If you think it's software
If the test OS doesn't trigger the fault, you can be more confident there's a problem with the software in your target OS. However, if the failure has historically not been able to be produced on-demand or otherwise occurs only intermittently, there remains a chance it's still a hardware issue that simply wasn't triggered in the test OS. Don't dwell on this; just keep it in mind when testing your tentative solutions.
When sorting out what code is at fault, you obviously want to follow up on specific error messages, such as Windows' bugcheck codes, errors logged in the event logs, or in application-specific logs. I'll skip over these steps based on the assumption you've exhausted those leads and need a more general approach.
When it's unclear what software is at fault, your weapon of choice is to remove the software from the equation and run the system long enough to give the problem a chance to occur, if it's going to. You can do this by:
- Uninstall the software.
- Disable it using a tool such as Microsoft AutoRuns.
- Disable it by booting into Safe Mode.
- Create a second Windows installation without the software in question (useful if you really need the software for day-to-day use and want to be able to easily switch between "testing" and "production" mode).
When doing this I like to categorize the system's software as follows and troubleshooting accordingly:
- Windows own code and inbox drivers. Least likely to be at fault. Easily confirmed by testing the system using a pristine install (one without any 3rd party code).

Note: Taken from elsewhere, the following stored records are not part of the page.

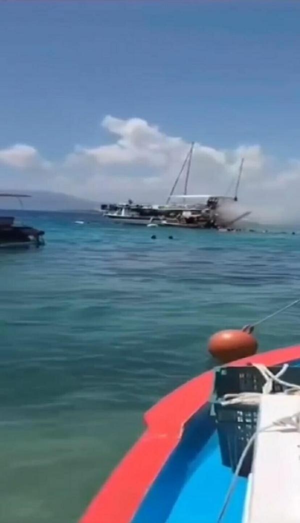 Yangın, sahildeki bir kişi tarafından cep telefonu kamerasıyla kayda alındı. Görüntülerde, dumanlar yükseldikten sonra canlarını kurtarmak için denize atlayanlar ve söndürme çalışmaları yer aldı. Olayla ilgili soruşturma başlatıldı.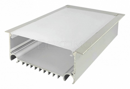 Алюминиевый профиль для светодиодной ленты 08-29 по своей конструкции является встраиваемым, что позволяет встраивать профиль со светодиодной лентой в различные пазы и ниши, а декоративные фланцы прикроют края пазов, скрывая изъяны и создавая безукоризненный внешний облик. Для более крупных моделей профиля можно приобрести дополнительные крепежные пружины, чтобы сделать конструкцию еще надежнее. Данная модель алюминиевого профиля имеет размер 82х32х2000мм, и внутри него можно разместить светодиодную ленту шириной до 48мм. В алюминиевый профиль уже установлен рассеиватель белого цвета, изготовленный из светорассеивающего поликарбоната. Такой рассеиватель пропускает 70% светового потока и делает его более мягким и приятным для Ваших глаз, благодаря чему наиболее часто используется для решения и декоративных задач, и задач по организации основного освещения. Также в комплекте с профилем идут заглушки в количестве 2-х шт. Благодаря дробеструйной обработке профиль имеет приятную матовую поверхность, а анодирование сохранит благородный серебристый цвет, защищая профиль от окисления и создавая атмосферу, способствующую гармонии.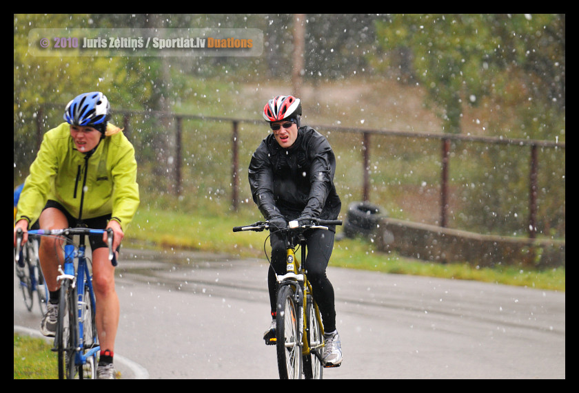 16.oktobra rīts ir sarmaini balts un saulains, ledus spainī 1cm biezs, taču, saulītei pakāpjoties augstāk, varētu gaidīt siltu dienu. Taču nē – iebraucot Rīgā, mūs sagaida melni mākoņi, kas atnes puteni. Jā, šodien manas sacensības duatlonā, šodien pirmais sniegs…Pat vārdu trūkst, iedomājoties šosejas riteni pa baltām kupenām braucot!

- Third party drivers. Always causing trouble. Usually crash in non-random ways such that a pattern emerges. Test by using different driver versions, or by swapping out hardware components.
- Third party system-level software (e.g. security software). Troublesome. These are rarely required for proper system operation and can be completely uninstalled in order to test their influence.

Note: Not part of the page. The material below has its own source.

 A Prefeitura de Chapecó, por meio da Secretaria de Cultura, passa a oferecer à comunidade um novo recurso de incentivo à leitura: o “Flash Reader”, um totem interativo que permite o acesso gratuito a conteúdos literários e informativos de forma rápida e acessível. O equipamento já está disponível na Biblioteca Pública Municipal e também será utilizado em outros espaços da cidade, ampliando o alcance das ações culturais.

- User applications. Highly variable crash behavior. On modern versions of Windows these rarely crash or lockup the entire system. Failures only occur when the application is running, so it's easy to track failures and correlate them with programs that were running at the time. Watch out for user applications that have an always-on component such as startup items or systems services.
Keep a semi-detailed work log
Final thought here. Keep a log of ask the problems you encounter and troubleshooting steps you take. With a difficult and drawn-out problem like this one it's easy to forget details. Being able to review this as you work may help you rule out causes or make connections between facts that otherwise might be lost in the struggle.
Anecdotal Story
I worked on a system that reminds me of your situation. It was a laptop (which limited my hardware swapping options) that would lock up randomly. It would do it 10 seconds after power-on, then not for days, and then after being on for hours. I updated everything, tested and replaced every hardware component I could, and reinstalled Windows (at least once, if not twice).
It ended up being the motherboard. After it was replaced, the laptop ran for many years without further trouble.